- Supplied entries -
====
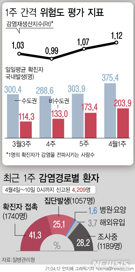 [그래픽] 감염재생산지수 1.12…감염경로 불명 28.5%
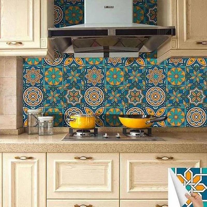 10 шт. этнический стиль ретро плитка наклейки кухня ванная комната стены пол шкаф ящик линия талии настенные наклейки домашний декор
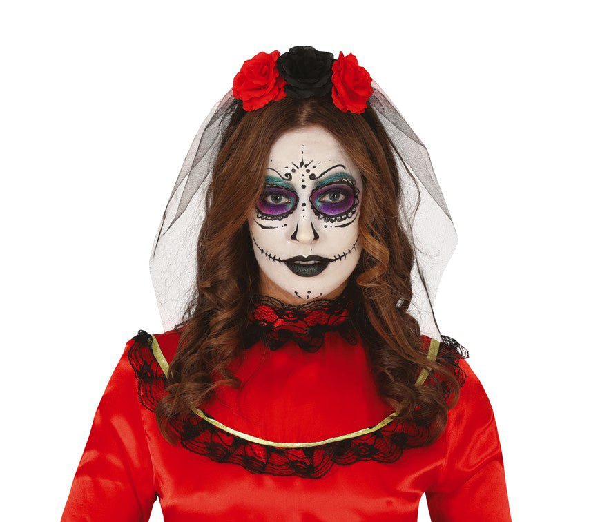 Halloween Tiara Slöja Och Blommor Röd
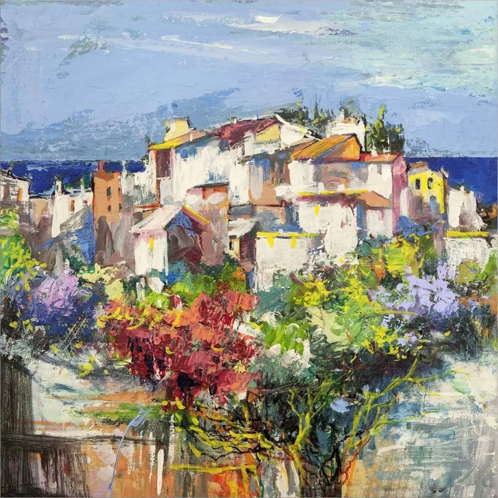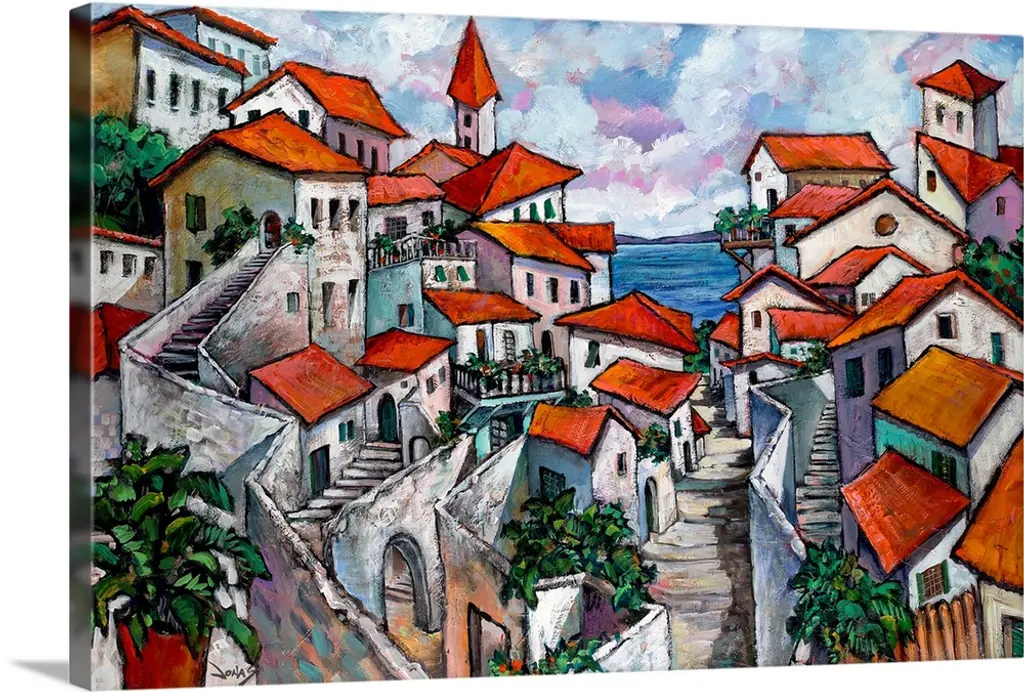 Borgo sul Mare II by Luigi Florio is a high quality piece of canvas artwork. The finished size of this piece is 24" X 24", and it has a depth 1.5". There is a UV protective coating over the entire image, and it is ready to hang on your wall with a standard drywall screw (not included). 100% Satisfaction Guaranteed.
====
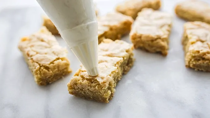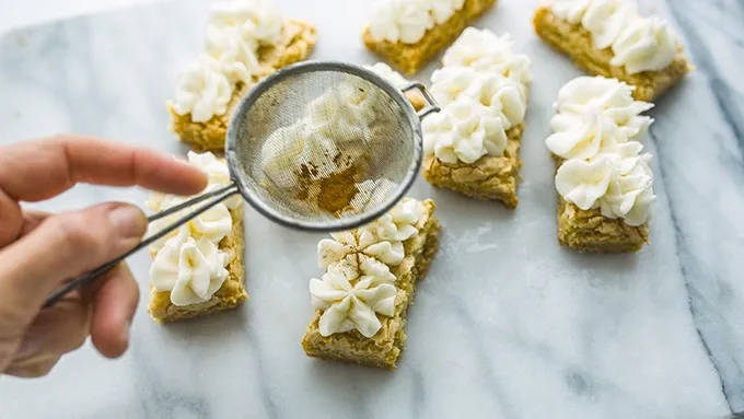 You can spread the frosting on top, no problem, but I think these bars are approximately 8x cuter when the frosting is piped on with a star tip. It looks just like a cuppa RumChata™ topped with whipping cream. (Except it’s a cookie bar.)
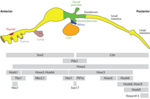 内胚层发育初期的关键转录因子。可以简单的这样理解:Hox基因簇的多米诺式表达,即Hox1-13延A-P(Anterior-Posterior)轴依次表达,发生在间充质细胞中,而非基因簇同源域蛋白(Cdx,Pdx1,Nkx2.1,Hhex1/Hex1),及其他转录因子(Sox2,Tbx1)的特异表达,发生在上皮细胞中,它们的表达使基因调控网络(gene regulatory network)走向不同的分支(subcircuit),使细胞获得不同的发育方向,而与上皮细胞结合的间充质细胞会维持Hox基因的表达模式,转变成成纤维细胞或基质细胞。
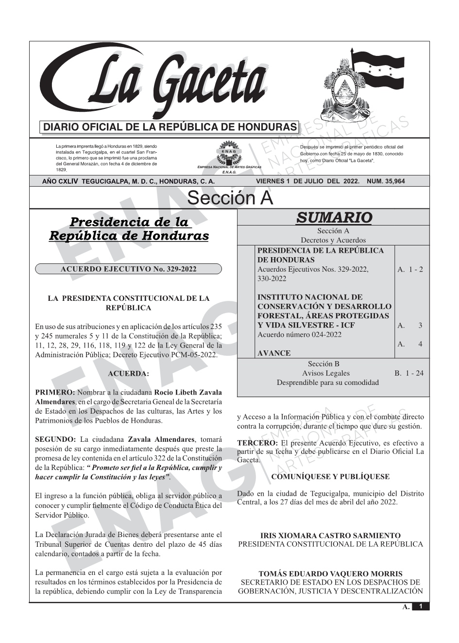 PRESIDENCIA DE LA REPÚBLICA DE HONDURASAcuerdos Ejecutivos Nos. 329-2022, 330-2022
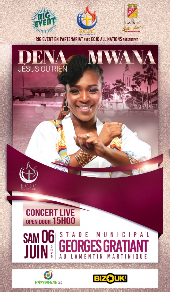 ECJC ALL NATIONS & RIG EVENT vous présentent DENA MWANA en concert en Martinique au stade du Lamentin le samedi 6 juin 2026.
====
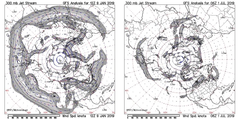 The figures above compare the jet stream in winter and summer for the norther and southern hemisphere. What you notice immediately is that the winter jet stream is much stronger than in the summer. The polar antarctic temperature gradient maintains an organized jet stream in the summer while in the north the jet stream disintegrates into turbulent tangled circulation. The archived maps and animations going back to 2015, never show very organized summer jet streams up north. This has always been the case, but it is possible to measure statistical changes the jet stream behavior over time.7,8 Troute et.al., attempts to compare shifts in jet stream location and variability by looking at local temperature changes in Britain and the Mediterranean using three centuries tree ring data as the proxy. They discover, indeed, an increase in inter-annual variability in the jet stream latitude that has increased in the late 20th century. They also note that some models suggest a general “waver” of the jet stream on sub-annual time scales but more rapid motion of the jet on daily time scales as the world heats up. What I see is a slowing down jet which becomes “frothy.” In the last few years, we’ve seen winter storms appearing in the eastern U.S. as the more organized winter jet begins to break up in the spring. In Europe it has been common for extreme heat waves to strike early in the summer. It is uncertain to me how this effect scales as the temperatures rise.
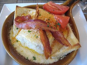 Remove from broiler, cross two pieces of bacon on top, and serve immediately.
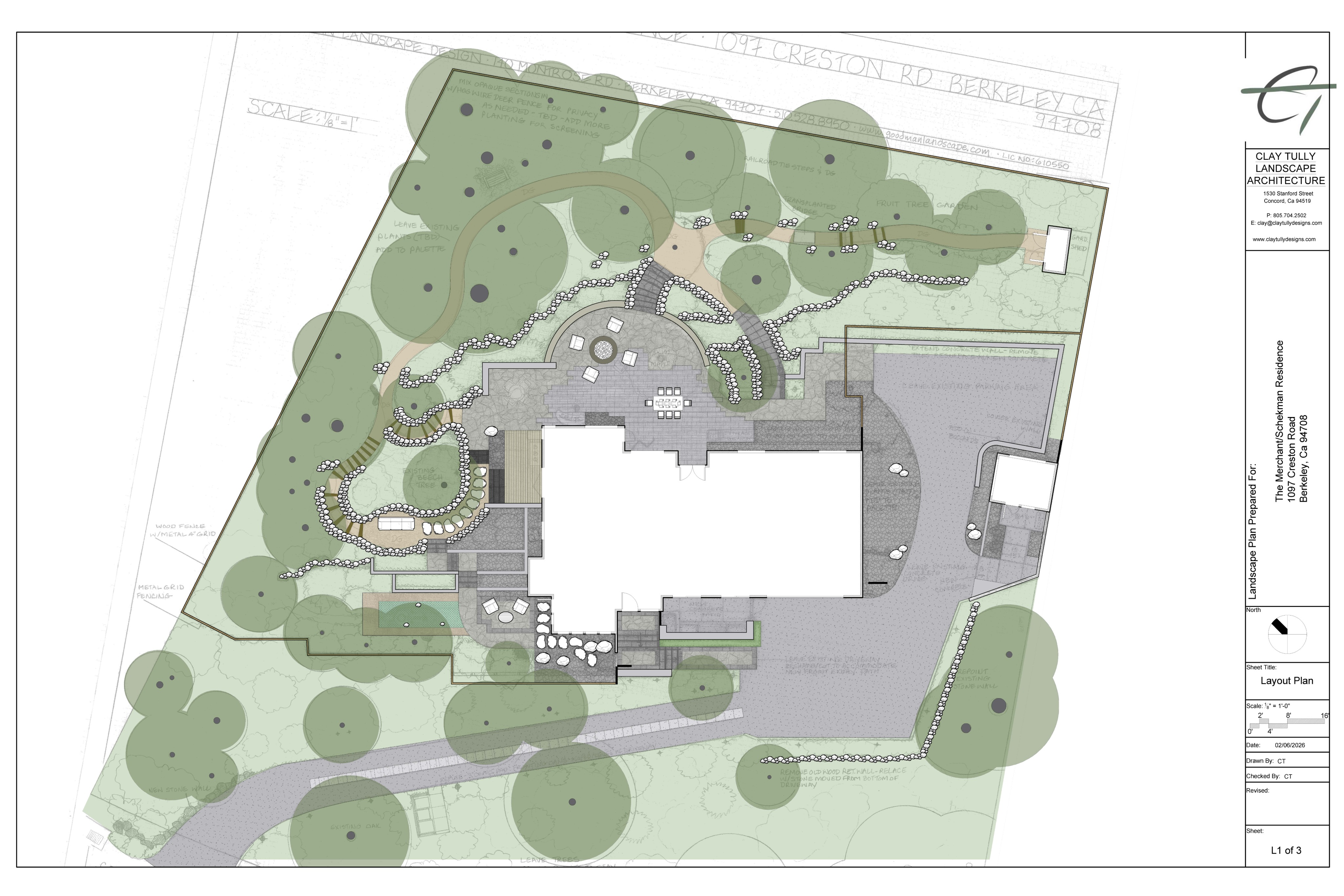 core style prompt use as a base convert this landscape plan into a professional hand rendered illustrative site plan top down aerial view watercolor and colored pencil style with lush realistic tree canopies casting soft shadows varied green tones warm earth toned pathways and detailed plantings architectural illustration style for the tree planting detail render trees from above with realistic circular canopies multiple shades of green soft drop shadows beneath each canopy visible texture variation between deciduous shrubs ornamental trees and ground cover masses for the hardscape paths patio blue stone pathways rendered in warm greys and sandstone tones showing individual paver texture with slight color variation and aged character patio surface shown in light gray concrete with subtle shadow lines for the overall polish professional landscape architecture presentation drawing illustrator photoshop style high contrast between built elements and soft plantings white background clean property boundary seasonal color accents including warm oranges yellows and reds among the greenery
====
- What is expected -
Give back exactly, and solely, the section of the data above bounded by the line containing "[그래픽] 감염재생산지수 1.12…감염경로 불명 28.5%" and the line containing "Halloween Tiara Slöja Och Blommor Röd", both bounding lines included and pictures omitted.

- Answer -
 [그래픽] 감염재생산지수 1.12…감염경로 불명 28.5%
 10 шт. этнический стиль ретро плитка наклейки кухня ванная комната стены пол шкаф ящик линия талии настенные наклейки домашний декор
 Halloween Tiara Slöja Och Blommor Röd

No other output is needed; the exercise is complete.